First, we assessed the clinical relevance of our framework: ie, a correlation analysis between the MGMT methylation status (ie, methylated or unmethylated) and AUC outcomes of the TMZ-treated GBM cell cultures was performed using the Wilcoxon signed-rank test. This indicated the predictive power of the current clinical biomarker of TMZ response in patients with GBM on GSE232173. Furthermore, we fitted a polynomial regression model (degree = 2) using the MGMT expression as the single predictor and compared its performance with our framework.
Second, we compared the performance of our framework with that of an Elastic Net (EN) model, which is widely used in drug response prediction.12,39 Feature selection was performed before the EN model construction on the training set of each CV, where the top 5, 10, 15, 20, 50, and 100 features based on F-statistics were used to construct the model, respectively.

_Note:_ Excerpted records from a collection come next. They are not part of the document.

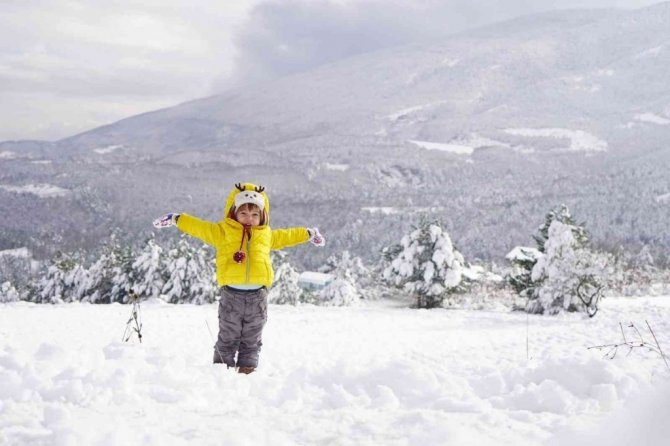 Kar yağışı Kestel'e çok yakıştı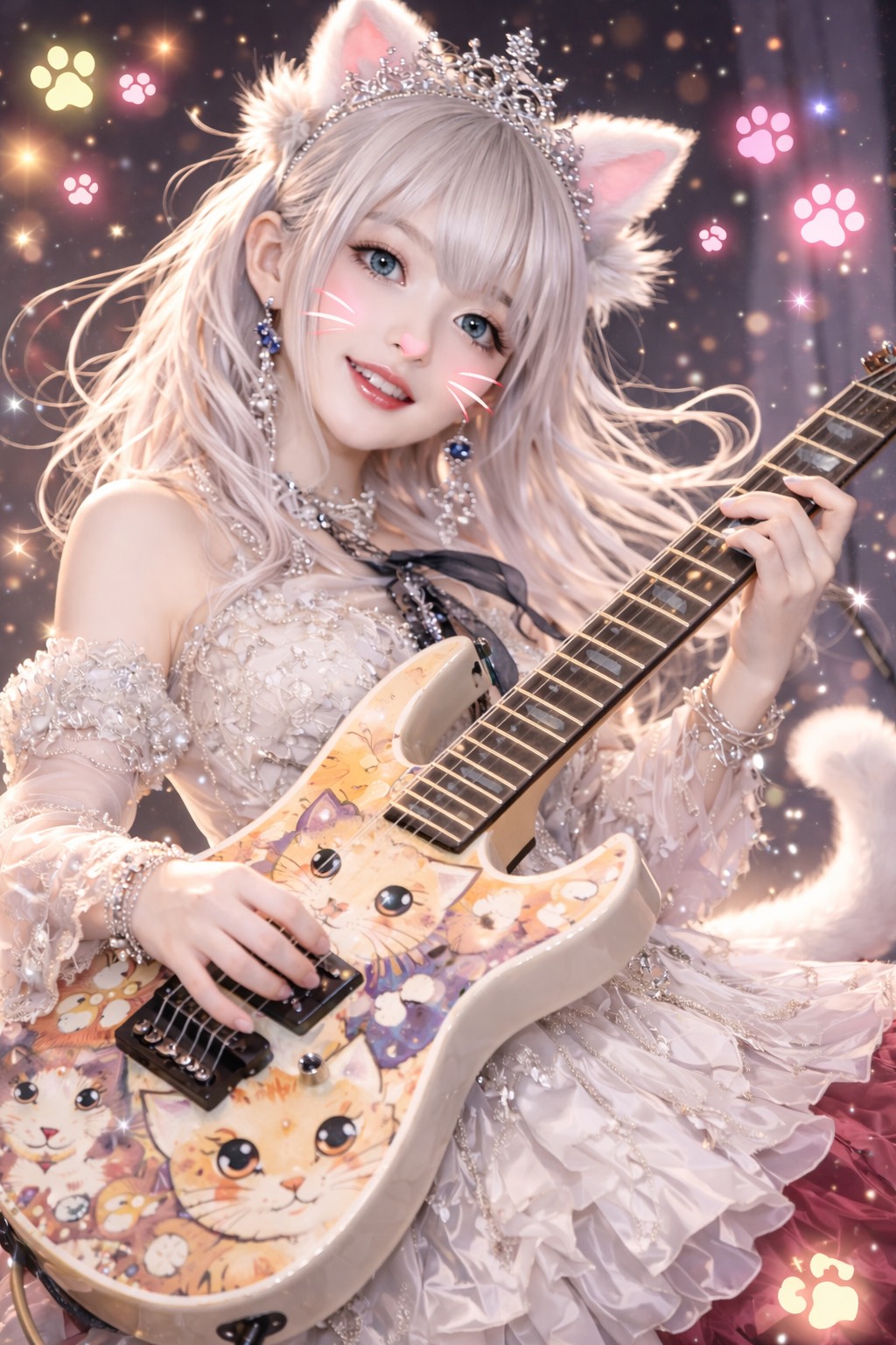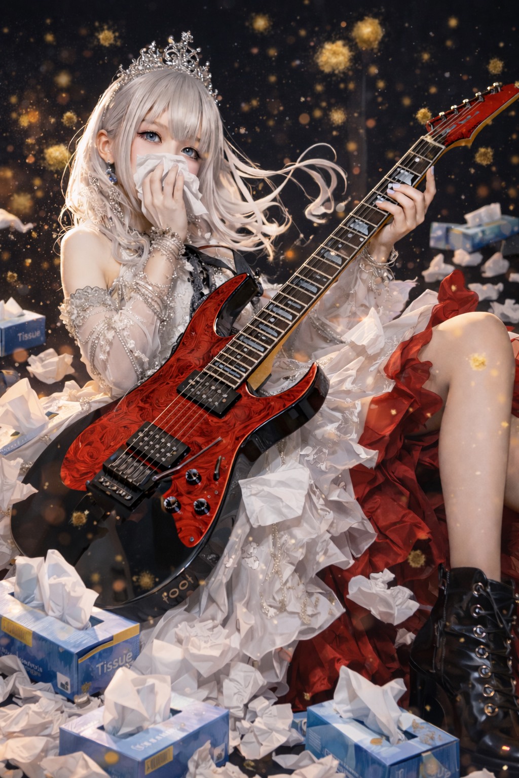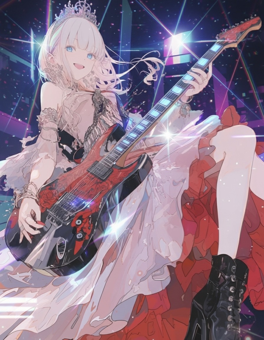Digital rock track with distorted guitars and synth layers, High-spec female vocal with clear, powerful tone and modern expression, cutting sharply through the mix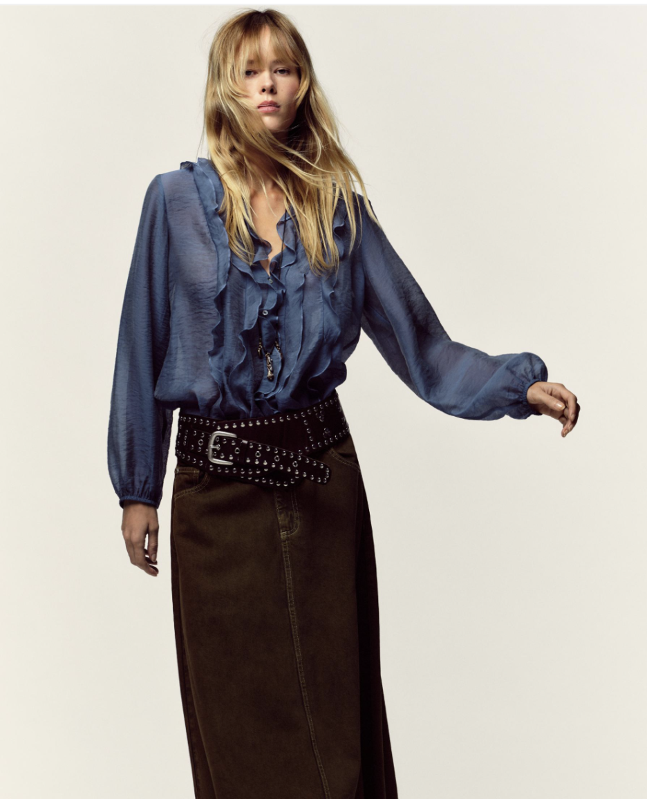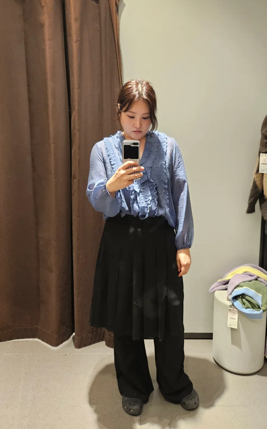 1. 은은한 블루 러플 블라우스 — 보호시크룩 감성의 하객룩
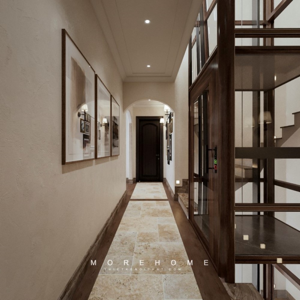 Để tránh sự nhàm chán khi sử dụng tông trắng làm chủ đạo, KTS Morehome đã khéo léo kết hợp gạch ốp tường và gạch lát sàn phòng tắm màu tối để tạo điểm nhấn, kết hợp vách kính tắm cường lực 2 bên giúp tạo sự liên kết trong không gian ngôi nhà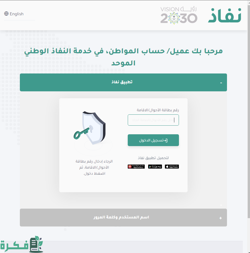 - أو يُمكن التسجيل من خلال النفاذ الوطني الموحد.

Third, we employed the DL model from the study of Sakellaropoulos et al, 23 where a DL model was constructed based on highly varied RNA expression genes to predict the outcomes of drug response. For this comparison, we implemented the DL model using the original code on the GSE232173 dataset, including the hyper-parameter optimization.
Results
Without TL
On GDSC (Figure 2A, Experiments 1a-1d), the OXA-based DL model gave the best prediction performance with an average SCC of 0.509 (SD 0.015), followed by CPA with an SCC of 0.439 (SD 0.019), BOR with an SCC of 0.363 (SD 0.019), and TMZ with an SCC of 0.085 (SD 0.035). These results showed that the DL models could predict OXA, BOR, and CPA response on the GDSC dataset with relatively high accuracy, while the response to the drug TMZ was close to impossible to predict. To inspect the influence of outliers on the performance, we made Q-Q plots: CPA, BOR, and OXA all were roughly normally distributed (Supplementary Fig. 2B-2D), TMZ, on the contrary, was more skewed, and therefore more difficult to predict GDSC (Supplementary Fig. 2A).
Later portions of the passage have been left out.